When i ran an import against my library it ate up all 256G of ram, and after 2 hours crashed. Import per directory works though. IS there a method to throttle import to chunks ? or will a for i loop script for each dir accomplish this ?
There is already a certain amount of throttling since the number of pending tasks for each stage of the importer is limited (to a fairly large value). I don’t see how this number of tasks could use as much RAM. So additional throttling is probably not solving the problem. More likely something (a plugin?) is keeping references to the tasks beyond the import process. Anyway, I’m just speculating here without further details. You might want to try disabling plugins and see whether the issue persists. It is generally a good practice to post at least your beets config when reporting such issues.
The for-loop would work too, of course.
beet config
directory: /cloud/music
library: ~/data/musiclibrary.db
threaded: yes
import:
copy: no
write: yes
move: yes
autotag: yes
log: ~/beetslog.txt
incremental: yes
quiet: yes
original_date: yes
per_disc_numbering: yes
embedart:
auto: yes
art_filename: albumart
plugins: mbcollection inline fetchart lastgenre rewrite fromfilename bucket
mbcollection:
auto: yes
collection: library
remove: no
pluginpath: ~/data/
ui:
color: yes
paths:
default: $albumartist/$album/$track $title
singleton: $albumartist/$artist - $title
comp: $albumartist/$album/$track $title
albumtype:soundtrack: Soundtracks/$album/$track $title
duplicate_action: keep
musicbrainz:
user: nnn
pass: REDACTED
auto: yes
collection: library
fetchart:
auto: yes
cautious: yes
sources: filesystem coverart itunes amazon albumart
minwidth: 0
maxwidth: 0
quality: 0
enforce_ratio: no
cover_names:
- cover
- front
- art
- album
- folder
google_key: REDACTED
google_engine: 001442825323518660753:hrh5ch1gjzm
fanarttv_key: REDACTED
lastfm_key: REDACTED
store_source: no
high_resolution: no
lastgenre:
auto: yes
source: album
whitelist: yes
min_weight: 10
count: 1
fallback:
canonical: no
force: yes
separator: ', '
prefer_specific: no
title_case: yes
replace:
'[\\/]': _
^\.: _
'[\x00-\x1f]': _
'[<>:"\?\*\|]': _
\.$: _
edit:
itemfields:
- album
- albumartist
- artist
- track
- title
- year
albumfields:
- albumartist
- album
- year
- albumtype
match:
strong_rec_thresh: 0.04
medium_rec_thresh: 0.25
rec_gap_thresh: 0.25
max_rec:
source: strong
artist: strong
album: strong
media: strong
mediums: strong
year: strong
country: strong
label: strong
catalognum: strong
albumdisambig: strong
album_id: strong
tracks: strong
missing_tracks: medium
unmatched_tracks: medium
track_title: strong
track_artist: strong
track_index: strong
track_length: strong
track_id: strong
chroma:
auto: no
bucket:
bucket_alpha:
- _
- A
- B
- C
- D
- E
- F
- G
- H
- I
- J
- K
- L
- M
- N
- O
- P
- Q
- R
- S
- T
- U
- V
- W
- X
- Y
- Z
bucket_alpha_regex:
_: ^[^A-Z]
bucket_year: []
extrapolate: no
pathfields: {}
item_fields: {}
album_fields: {}
rewrite: {}
I had a very brief look at the code of those plugins and didn’t see any obvious way that they would leak memory. If you want to debug this further, I’d nevertheless suggest to attempt a large import with all plugins disabled in order to narrow down on the culprit.

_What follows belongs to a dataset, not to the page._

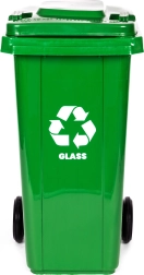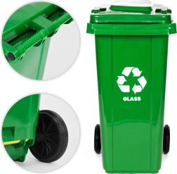 Conteneur pratique et résistant pour le tri du verre d’une capacité de 120 l, en PEHD résistant aux UV, aux produits chimiques et aux dommages mécaniques. Roues en caoutchouc et poignée ergonomique pour une manipulation aisée, couvercle étanche protégeant de la pluie et des odeurs. La stabilité sur surfaces glissantes est renforcée par des patins antidérapants. Convient aux particuliers comme aux entreprises, compatible avec la collecte municipale selon la EN 840 et certifié ISO9001, ISO14001, ISO45001.

I guess that by far the easiest way forward for you would be the for-loop.
Some more thoughts on debugging: If it’s not one of the plugins, I think the next step forward would be to build a test case that generates such huge import sessions (maybe stub out importer.read_tasks
instead of actually generating thousands or millions of files?) and then hook up Python’s tracemalloc
in the album_imported
event to detect the site where the leaking memory is allocated. Such a test case would be nice to have in general, so I did put it on my todo-list, but I don’t think I’ll look into it anytime soon.